I'm excited for spring, it will be here before you know it! There are a handful of projects I want to start that need warmer weather.  I would like to redo some furniture and I plan to garden!  We will see how it goes, I've never actually planted anything that then successfully grew! Lucky for me (and whatever I plant) my brother and sister-in-law gave me a gardening book for my birthday! My new favorite thing to do is find new recipes to try out. I found this website http://www.howsweeteats.com, she has some really great recipes posted there. She uses some interesting ingredients (not as strange as Rachel Ray) so I will probably end up messing up/substituting a lot along the way... but that's the fun part, Right?!?

Well, I should hop to it. I plan to blog more, I just get going and forget all about it. This month should have more to share! 

Wednesday, February 2, 2011

Church Shopping

Questions like .. "Will I ever find a hair stylist/dentist/doctor/chiropractor... I like again?" swirl around your head when you move. Silly as they sound, it stinks to break in a new hairdresser.. but those are so minute compared to finding where God wants me in the Body.

This is the part of moving that I dreaded the most.  It's difficult to leave behind friends and your normal routine, but to find a new church to call home is not something I was looking forward to. We have been in T-town for about a month now, and have been to a handful of churches in the area. Sometimes I feel like Goldy Locks. I want a church not to big, not too small... I want a church that is just right. But, it's not about what I want, or what will make us the most comfortable. We are actively seeking the church He wants us to be apart of. A place where we can served and where we will be called out onto the carpet (lovingly) because we are daily sinners. I just need to remind myself of this... weekly.

We are slowly finding our grove here.  K is back to work and enjoying his job.  I am loving being his house wife and serving him in ways I frankly didn't have time to when I worked full time. I haven't closed the door on going back to work. I still look for opportunities and have an ear out for them, I am just patiently (as much as I can) waiting.

Prayers as we continue to seek His will and not our own.

Oh, and to end on something funny...
Word is we are experiencing a "snow-pocalypse" here.  That's quite a title for a few inches of snow and a little ice - I will say it might not be as bad here as other places in the state, but it still makes me laugh.
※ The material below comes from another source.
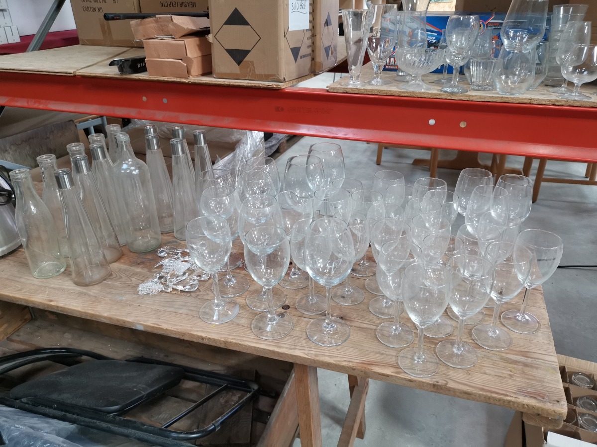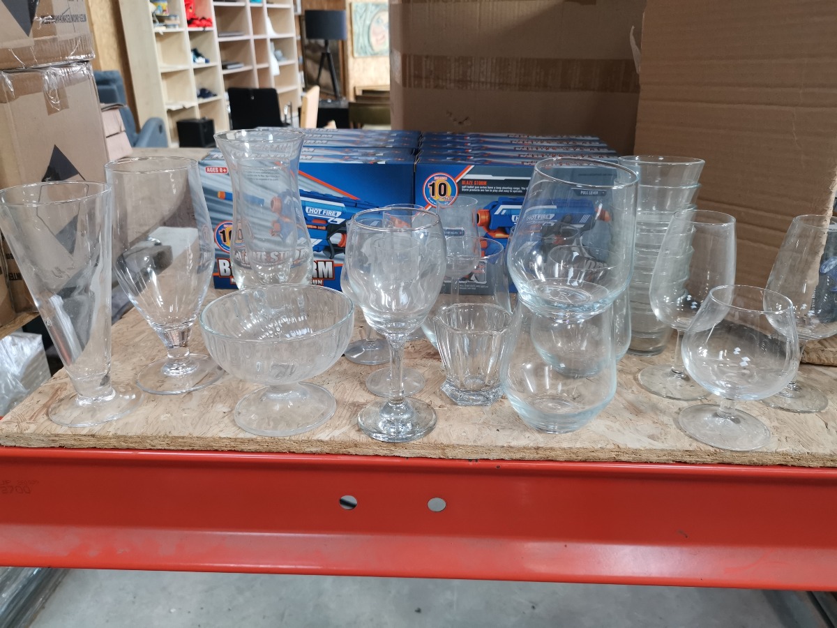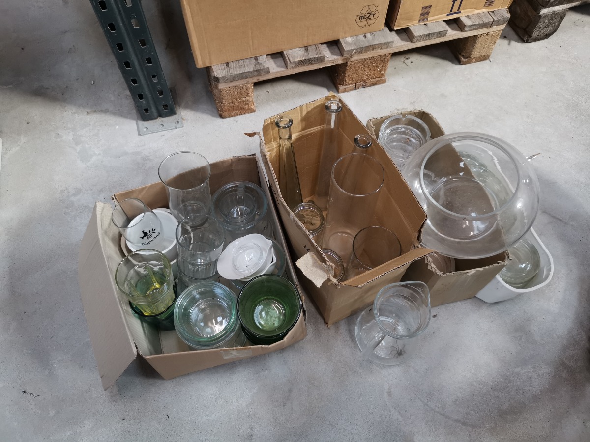 Stor samling drikkeglas m.m. Mange forskellige slags. vandkander, askebægre m.m.

Thursday, January 13, 2011

my red high heels


It has been a whirlwind, and will continue to be I am sure, as we begin this part of our journey.  Keaton began his new job this week and our stuff should be delivered any day now.  I have spent my time reading books I've put off, researching things I've put off, and catching up on some TV online (a guilty pleasure).  Next week will be spent setting up the new place, transferring the us over to Kansas officially, and continuing the job hunt. I'm not sure what I want in my next job, so it is making the processes a little more difficult than I had anticipated but I am faithful He has prepared something for me.

Prayers as we adjust to this transition and follow Gods leading in this new place.